Angola is one of sub-Saharan Africa’s largest oil producers, second only to Nigeria. It is also a member of OPEC and one of the most influential powers in its region. Because oil revenues make up a large portion of the Angolan government’s budget, any substantial impact that new oil and gas production technologies have on Angola’s oil production could have significant implications for diplomacy and security in sub-Saharan Africa.
Angola currently produces about 1.75 million barrels of oil per day. The country’s production potential has only grown with the rapid expansion of deepwater drilling off its western coast. Between 2002 and 2008, Angola’s oil production grew by an average of 15% per year as several of its deepwater fields came online, and international oil companies are in the process of developing new fields.1
Oil is the lifeblood of the Angolan economy; as of 2012, revenues from oil exports accounted for 97% of the government’s total export revenues. Normally, such a heavy reliance on a single industry would leave the country vulnerable to dramatic drops in the price of that commodity. But the Angolan government has established a sovereign wealth fund that softens the impact of significant changes in oil-related earnings, at least in the short term, because it allows the government to draw on income from the fund or draw down its principal in years when its direct oil revenues drop. Consequently, the country is somewhat insulated from temporary shocks to oil prices or changes in production. For example, when oil prices plunged in 2009-10, Angolan spending remained largely unchanged, though the government did temporarily halt some scheduled government salary increases.

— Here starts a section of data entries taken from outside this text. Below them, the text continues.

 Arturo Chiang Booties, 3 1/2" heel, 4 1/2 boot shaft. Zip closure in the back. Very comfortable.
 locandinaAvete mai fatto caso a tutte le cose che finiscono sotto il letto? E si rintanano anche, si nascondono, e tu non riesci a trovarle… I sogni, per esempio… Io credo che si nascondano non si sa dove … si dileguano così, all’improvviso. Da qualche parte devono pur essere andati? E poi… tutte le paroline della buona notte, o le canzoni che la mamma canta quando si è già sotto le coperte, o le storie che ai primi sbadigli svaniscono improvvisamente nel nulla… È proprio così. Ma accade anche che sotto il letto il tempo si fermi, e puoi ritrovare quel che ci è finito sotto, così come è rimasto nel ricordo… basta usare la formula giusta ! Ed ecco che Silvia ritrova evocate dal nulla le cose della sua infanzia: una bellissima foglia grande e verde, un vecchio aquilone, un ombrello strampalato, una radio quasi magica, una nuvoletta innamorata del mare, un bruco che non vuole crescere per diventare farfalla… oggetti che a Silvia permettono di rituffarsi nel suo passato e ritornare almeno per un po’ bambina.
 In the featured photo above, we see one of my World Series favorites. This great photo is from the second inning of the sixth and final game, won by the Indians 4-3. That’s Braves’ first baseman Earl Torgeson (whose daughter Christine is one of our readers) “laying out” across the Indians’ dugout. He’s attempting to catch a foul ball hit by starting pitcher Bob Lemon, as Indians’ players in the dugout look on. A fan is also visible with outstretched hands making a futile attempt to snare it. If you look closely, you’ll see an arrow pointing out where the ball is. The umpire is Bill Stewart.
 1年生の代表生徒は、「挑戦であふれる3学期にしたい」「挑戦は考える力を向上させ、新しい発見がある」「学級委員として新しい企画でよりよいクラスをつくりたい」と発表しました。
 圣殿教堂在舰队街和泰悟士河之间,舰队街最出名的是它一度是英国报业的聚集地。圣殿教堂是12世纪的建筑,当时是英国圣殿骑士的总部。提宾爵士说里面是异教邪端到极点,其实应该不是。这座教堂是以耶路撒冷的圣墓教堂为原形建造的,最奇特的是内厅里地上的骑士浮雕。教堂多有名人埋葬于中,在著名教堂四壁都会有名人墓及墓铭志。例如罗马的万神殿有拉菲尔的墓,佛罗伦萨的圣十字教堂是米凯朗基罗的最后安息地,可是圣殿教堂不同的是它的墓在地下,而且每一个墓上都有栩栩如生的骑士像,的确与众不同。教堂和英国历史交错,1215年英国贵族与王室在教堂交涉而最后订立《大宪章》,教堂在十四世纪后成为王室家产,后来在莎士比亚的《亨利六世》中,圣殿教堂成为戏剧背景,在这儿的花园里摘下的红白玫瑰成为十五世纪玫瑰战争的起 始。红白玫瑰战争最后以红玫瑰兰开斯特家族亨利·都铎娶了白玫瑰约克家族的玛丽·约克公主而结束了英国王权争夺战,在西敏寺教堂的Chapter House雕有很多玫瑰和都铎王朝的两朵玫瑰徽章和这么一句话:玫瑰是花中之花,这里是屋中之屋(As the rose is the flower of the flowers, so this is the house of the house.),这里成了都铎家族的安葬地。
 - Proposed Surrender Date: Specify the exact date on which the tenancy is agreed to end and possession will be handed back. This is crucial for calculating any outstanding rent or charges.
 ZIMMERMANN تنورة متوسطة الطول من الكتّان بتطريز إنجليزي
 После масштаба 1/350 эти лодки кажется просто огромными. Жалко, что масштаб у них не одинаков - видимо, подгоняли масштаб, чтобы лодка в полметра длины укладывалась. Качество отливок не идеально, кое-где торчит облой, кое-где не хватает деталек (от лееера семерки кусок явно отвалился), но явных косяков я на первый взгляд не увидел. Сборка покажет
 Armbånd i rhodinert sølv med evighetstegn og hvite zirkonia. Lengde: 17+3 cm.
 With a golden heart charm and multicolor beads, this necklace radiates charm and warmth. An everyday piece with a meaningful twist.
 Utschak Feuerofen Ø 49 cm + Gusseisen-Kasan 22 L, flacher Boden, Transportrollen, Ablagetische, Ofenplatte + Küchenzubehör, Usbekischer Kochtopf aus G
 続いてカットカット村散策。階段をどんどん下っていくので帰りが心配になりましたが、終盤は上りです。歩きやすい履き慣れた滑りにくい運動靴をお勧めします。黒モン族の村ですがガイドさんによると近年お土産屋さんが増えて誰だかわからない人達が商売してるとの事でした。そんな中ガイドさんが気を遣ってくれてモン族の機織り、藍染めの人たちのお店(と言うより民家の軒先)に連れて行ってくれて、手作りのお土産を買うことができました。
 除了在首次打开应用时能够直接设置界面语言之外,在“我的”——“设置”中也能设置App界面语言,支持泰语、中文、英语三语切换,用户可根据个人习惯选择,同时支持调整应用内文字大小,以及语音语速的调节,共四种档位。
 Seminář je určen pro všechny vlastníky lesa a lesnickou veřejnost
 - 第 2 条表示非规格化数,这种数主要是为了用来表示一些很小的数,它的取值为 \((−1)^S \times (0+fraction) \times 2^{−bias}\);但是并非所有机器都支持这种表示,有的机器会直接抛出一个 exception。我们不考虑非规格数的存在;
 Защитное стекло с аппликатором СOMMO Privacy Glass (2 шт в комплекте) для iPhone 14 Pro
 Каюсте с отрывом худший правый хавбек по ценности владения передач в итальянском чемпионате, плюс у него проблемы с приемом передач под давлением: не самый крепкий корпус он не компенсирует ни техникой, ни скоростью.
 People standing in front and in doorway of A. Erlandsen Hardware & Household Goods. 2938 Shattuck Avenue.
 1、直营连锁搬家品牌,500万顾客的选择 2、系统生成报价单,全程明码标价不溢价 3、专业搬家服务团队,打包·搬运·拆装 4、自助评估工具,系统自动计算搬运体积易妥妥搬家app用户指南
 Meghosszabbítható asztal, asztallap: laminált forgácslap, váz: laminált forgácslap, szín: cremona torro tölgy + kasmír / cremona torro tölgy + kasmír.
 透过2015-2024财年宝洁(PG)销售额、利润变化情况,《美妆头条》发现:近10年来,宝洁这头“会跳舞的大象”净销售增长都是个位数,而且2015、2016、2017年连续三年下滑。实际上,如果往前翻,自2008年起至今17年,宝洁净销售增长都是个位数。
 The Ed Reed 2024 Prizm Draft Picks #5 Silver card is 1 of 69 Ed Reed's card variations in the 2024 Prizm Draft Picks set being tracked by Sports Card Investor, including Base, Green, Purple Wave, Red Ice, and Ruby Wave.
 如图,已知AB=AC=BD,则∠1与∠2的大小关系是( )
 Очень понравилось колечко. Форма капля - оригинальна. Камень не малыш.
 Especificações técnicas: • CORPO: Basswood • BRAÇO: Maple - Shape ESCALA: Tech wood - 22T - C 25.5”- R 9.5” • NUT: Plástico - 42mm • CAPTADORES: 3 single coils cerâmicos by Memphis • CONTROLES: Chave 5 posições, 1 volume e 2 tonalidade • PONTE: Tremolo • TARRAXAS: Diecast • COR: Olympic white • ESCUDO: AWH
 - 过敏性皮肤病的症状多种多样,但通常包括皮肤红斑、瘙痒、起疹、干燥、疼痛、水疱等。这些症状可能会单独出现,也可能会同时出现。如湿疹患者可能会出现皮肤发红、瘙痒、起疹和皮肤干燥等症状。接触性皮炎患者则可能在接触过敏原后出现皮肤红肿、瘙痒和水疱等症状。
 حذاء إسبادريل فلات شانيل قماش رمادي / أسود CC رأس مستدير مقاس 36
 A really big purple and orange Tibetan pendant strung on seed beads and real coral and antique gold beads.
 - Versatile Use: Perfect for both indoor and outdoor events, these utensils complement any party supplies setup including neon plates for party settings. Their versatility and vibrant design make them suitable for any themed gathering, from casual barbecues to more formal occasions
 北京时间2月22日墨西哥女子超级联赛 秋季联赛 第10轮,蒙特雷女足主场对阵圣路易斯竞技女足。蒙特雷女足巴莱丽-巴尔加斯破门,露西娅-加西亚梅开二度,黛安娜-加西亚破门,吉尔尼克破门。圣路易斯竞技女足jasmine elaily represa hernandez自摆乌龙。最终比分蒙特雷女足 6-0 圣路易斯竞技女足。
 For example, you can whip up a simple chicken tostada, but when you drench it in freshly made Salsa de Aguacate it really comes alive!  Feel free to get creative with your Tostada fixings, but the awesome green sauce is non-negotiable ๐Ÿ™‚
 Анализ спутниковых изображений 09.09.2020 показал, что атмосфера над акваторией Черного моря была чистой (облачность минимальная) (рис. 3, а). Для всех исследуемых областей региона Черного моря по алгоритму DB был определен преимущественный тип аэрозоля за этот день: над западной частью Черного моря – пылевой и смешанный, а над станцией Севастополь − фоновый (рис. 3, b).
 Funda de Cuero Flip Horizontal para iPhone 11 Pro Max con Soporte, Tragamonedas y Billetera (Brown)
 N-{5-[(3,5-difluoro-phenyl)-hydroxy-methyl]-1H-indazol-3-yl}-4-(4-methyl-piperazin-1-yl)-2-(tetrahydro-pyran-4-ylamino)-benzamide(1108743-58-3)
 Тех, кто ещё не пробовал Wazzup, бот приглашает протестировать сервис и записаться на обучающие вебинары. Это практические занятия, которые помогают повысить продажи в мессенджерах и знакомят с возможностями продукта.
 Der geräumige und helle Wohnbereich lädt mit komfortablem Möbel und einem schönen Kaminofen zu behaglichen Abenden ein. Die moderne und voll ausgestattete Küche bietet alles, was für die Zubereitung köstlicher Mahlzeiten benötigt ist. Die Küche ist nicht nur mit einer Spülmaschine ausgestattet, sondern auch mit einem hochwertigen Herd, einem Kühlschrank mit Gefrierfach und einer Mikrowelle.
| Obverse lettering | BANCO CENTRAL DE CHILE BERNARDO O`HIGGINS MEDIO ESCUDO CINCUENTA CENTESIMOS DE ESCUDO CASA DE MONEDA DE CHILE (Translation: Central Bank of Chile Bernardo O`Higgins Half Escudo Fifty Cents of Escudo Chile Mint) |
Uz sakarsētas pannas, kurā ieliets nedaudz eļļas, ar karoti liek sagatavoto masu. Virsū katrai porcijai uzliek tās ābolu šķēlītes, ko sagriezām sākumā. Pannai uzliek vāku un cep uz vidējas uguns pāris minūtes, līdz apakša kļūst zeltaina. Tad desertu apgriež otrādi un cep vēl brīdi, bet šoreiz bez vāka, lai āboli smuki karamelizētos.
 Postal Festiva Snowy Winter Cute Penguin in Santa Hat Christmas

Besides the sovereign wealth fund, Angola was also able to continue government spending by establishing new lines of credit. Angola negotiated loans from both the International Monetary Fund and China totalling over $2 billion. The substantial Chinese loan to Angola sparked fears of China using its financial aid to gain political influence in countries that are important to the United States.
Angola is an important stabilizing force in a chaotic region. It regularly contributes to joint peacekeeping and maritime security operations in the Gulf of Guinea. Because the Angolan budget — and by extension, the country’s military funding — is so reliant on oil revenues, many worry that Angola’s prominent role in regional security could be negatively impacted by declining revenue during periods of low oil prices or decreased production. But in reality, security spending is often one of the last areas to experience cutbacks in times of economic hardship, meaning that Angolan security spending likely would not drop alongside declining oil revenues in the short-to-medium term. In fact, despite the recent global economic crisis and resulting loss of oil revenue, Angola has boosted its defense expenditures since 2009.
Additionally, if Angola is able to use new production technologies to exploit its deepwater plays, it would have the option of using its newfound oil revenues to increase funding for its military. Given Angola’s substantial participation in African peacekeeping activities, a larger and better-equipped Angolan military could in turn contribute to greater regional security in the long run.